Philip Cheah, the festival director, would offer me a place in the van, but I would
decline. Not totally out of shyness, but I was busy, rehearsing a play in Little
India, and couldn’t dally with cinephiles, much as I wanted to).
One morning, we were at the Alliance Francaise for the local shorts competition
screening. What were my expectations? Not high, I suppose. Cheah had told me that
in previous years, juries had been so underwhelmed by the quality of the films that
they refused to give out all the prizes. My only previous experience of short films
from Singapore had been a fairly disastrous screening of student work at the Substation
(a local arts centre); the documentaries were passable tertiary fare, but any attempt
at fiction clunked hard.
The Alliance was a fairly large hall, with a few hundred seats. The jury sat on
the back row. I was at the aisle, ready to leave in case of emergencies. Lights
faded. The film began, and it was real film – celluloid. For twenty-plus minutes,
I sat rapt. When it was over I was filled with the desire to watch it again, immediately.
There was that feeling when you hear a great pop record as a teenager, something
that swoons with all the complex emotions – dark energies and romantic yearnings
– of that moment when you stumble out of childhood. If it gets its sonic hooks in,
you have to own it, to be able to play it again and again.

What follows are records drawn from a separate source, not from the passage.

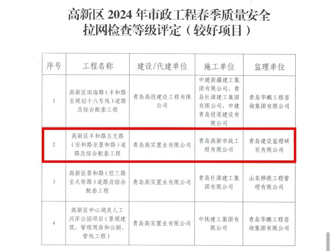 近日,青島市高新區(qū)建設(shè)部組織開(kāi)展2024年市政工程春季質(zhì)量安全拉網(wǎng)檢查總結(jié)表彰大會(huì),高新市政承建的高新區(qū)豐和路五支路道路及綜合配套工程獲表彰。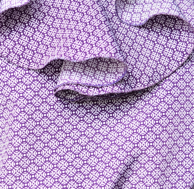 Это платье я задумывала как обычное, без конструктивных изысков и заворотов - хотелось просто платье-макси с некоторым изящным элементом, в качестве которого выступил волан. Ткань из магазина OnlineTkani - непросвечивающий п/э типа твила - тонкий, плотный и пластичный. Я уже как-то упоминала, что редко покупаю искусственные ткани, но если принт покоряет меня, то я делаю исключение, как и в этот раз. И цвет, и мелкий галстучный рисунок сразу мне ужасно понравились, и я не устояла ))) Выкройка индивидуальная, но совсем простая - боковые вытачки, чуть расклешенный силуэт и кулиска на резинке. Волан я взяла от одной бурдовской модели, откорректировала его длину и обработала узким зигзагом. Низ платья просто подвернула и застрочила, проймы обработаны косой бейкой, а горловина - обтачкой из основной ткани, проклеенной дублерином. Платье без карманов, что создает для меня некоторый дискомфорт, но несмотря на мою приверженность делать карманы везде, в этом случае, мне кажется, они все же были излишни.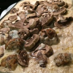 "These tasty meatballs include green peppers, onions and Italian-style bread crumbs baked in a golden mushroom sauce. The recipe is a creation of my own."

Royston Tan’s 15 left me with something close to that. The adolescent world it presented
was utterly alien to my own--Southeast Asia, race, gangs, crime, brotherhood, bad
education. I was completely seduced by the image-rush, and the strong emotional
track that pulled the viewer through. At the time, I wrote for the UK film magazine,
Vertigo (to justify that much-coveted press pass), and the following contains something
about 15:
“At its core is a portrait of two fifteen-year old boys – fighters, thieves and
pill-poppers, but essentially they are kids. Tan portrays them as they see themselves
– locked in a speed-cut zone of ceaseless techno and advertising imagery. Tracking
shots through a nervous system; tattooed and naked in a desert; darkly comic threats
to rival gangs sung blankly into camera; fighting incidents rendered as videogame;
a birthday cake in the face explodes like a wound; charged dialogues in the crevices
of void decks. Deep in their locked-off world, which exists as the taboo bad-trip
flipside to Singapore’s consumer-driven society, Tan opens up a well of extraordinary
tenderness, friendship and vulnerability.”
Along with 15, the others on the competition shortlist of short films included Wee
Li-Lin’s Holiday, Han Yew Kwang’s The Call Home, Sun Koh’s My Secret Heaven, Leonard
Yip’s Eve Of Adha, and special mention should go to Los Angeles exile Sandi Tan’s
coolly satirical Gourmet Baby, which was shown ‘out of competition’. It was a bumper
crop, although I probably didn’t realise it at the time. 15 came from nowhere. It
was so--and I don’t use this word lightly--perfect as a short film that the others
were left for dust. I didn’t even remain on the back row of the Alliance for the
duration of the programme. Partly because I had to be somewhere, and partly to avoid
the awkwardness of exiting with the jury, I sneaked out during My Secret Heaven.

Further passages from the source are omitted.